TASK INPUT section start

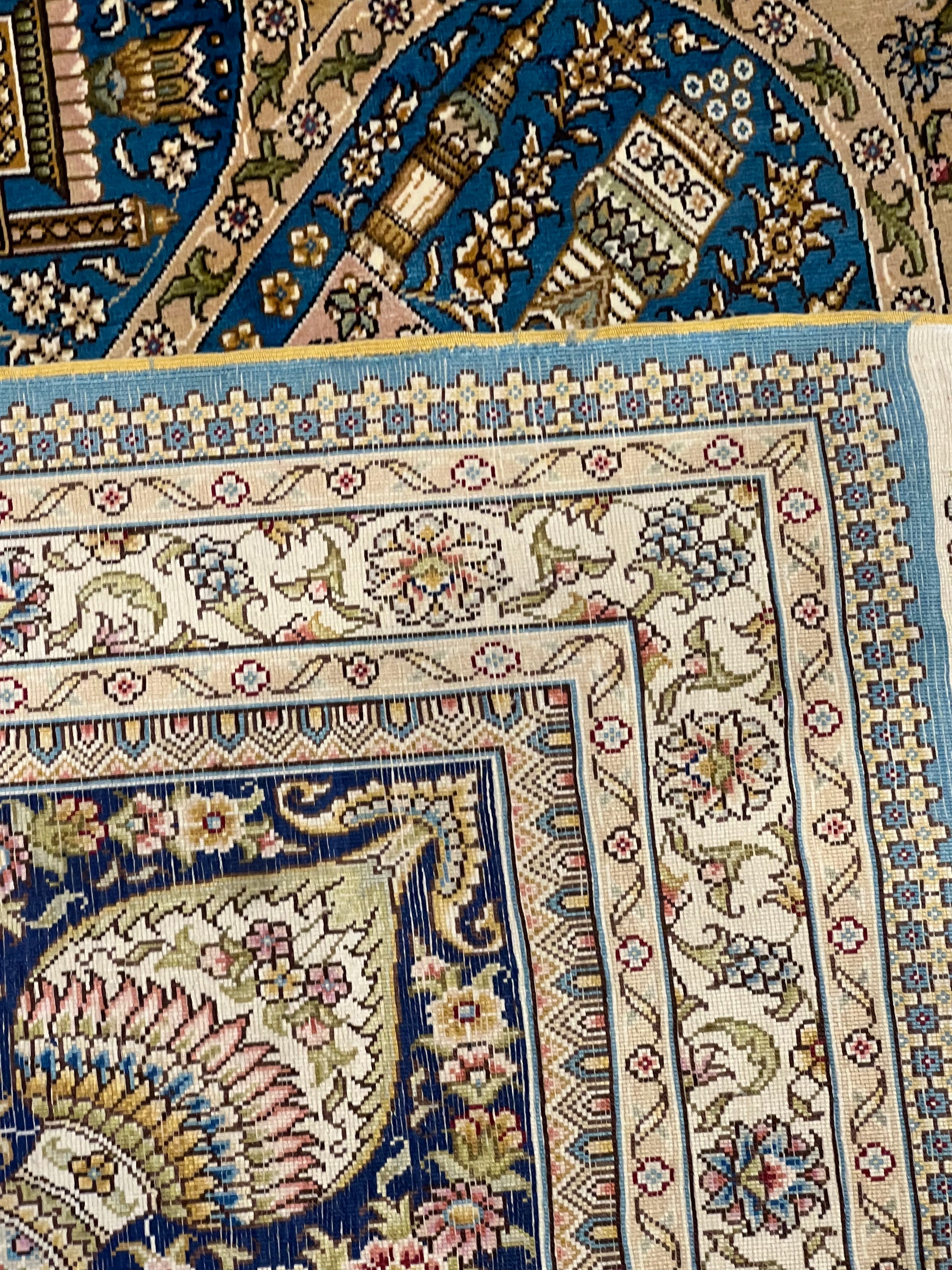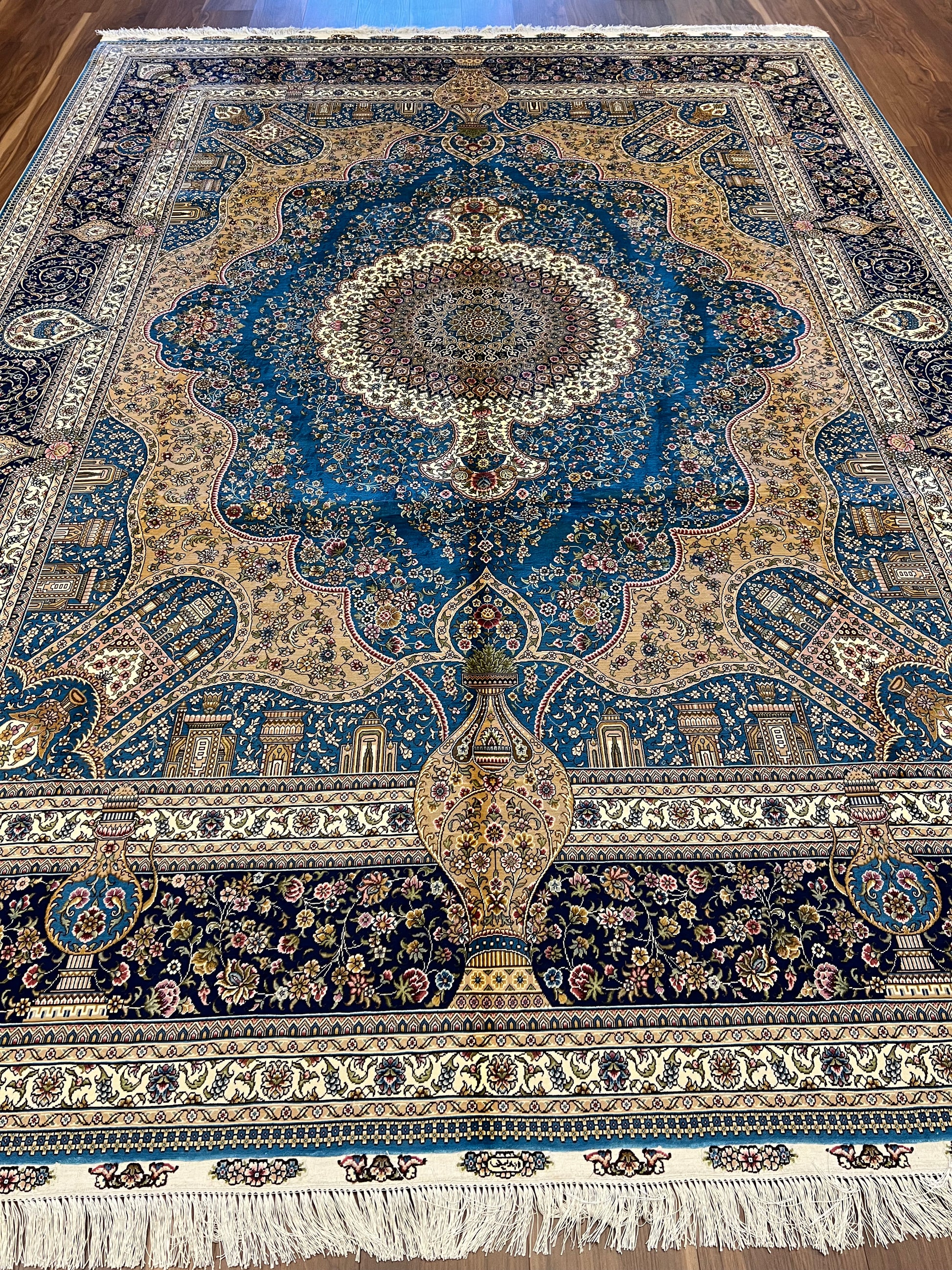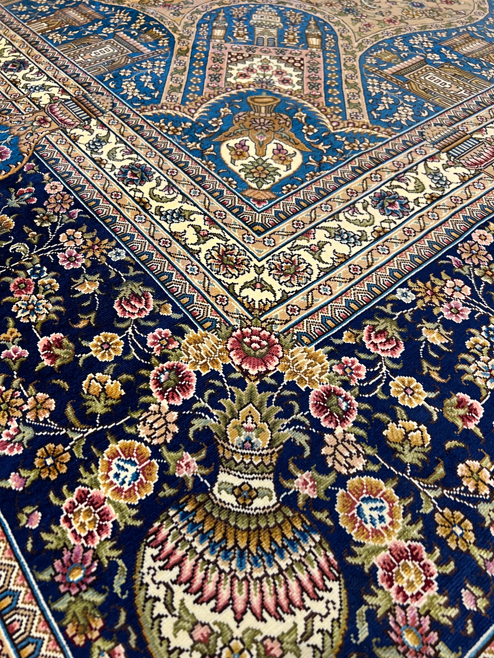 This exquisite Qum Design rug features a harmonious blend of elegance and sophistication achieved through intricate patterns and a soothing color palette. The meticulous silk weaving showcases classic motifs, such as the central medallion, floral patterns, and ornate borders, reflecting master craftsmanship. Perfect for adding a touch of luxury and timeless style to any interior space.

TASK INPUT section end
TASK INPUT section start

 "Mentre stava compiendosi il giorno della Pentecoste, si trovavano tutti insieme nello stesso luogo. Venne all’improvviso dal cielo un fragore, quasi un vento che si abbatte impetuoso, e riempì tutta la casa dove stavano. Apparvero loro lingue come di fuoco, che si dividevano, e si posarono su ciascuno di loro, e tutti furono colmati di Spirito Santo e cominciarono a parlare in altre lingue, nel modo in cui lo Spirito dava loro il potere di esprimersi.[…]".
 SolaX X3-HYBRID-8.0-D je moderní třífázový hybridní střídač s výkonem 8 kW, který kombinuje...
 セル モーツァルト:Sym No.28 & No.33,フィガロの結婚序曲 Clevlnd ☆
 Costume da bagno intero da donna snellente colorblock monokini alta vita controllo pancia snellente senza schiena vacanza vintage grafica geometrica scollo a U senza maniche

TASK INPUT section end

Print the lines above from the one with "セル モーツァルト:Sym No.28" through the one with "Costume da bagno", both included, exactly as written and nothing more.

◆ **ANSWER FOR THE TASK**
 セル モーツァルト:Sym No.28 & No.33,フィガロの結婚序曲 Clevlnd ☆
 Costume da bagno intero da donna snellente colorblock monokini alta vita controllo pancia snellente senza schiena vacanza vintage grafica geometrica scollo a U senza maniche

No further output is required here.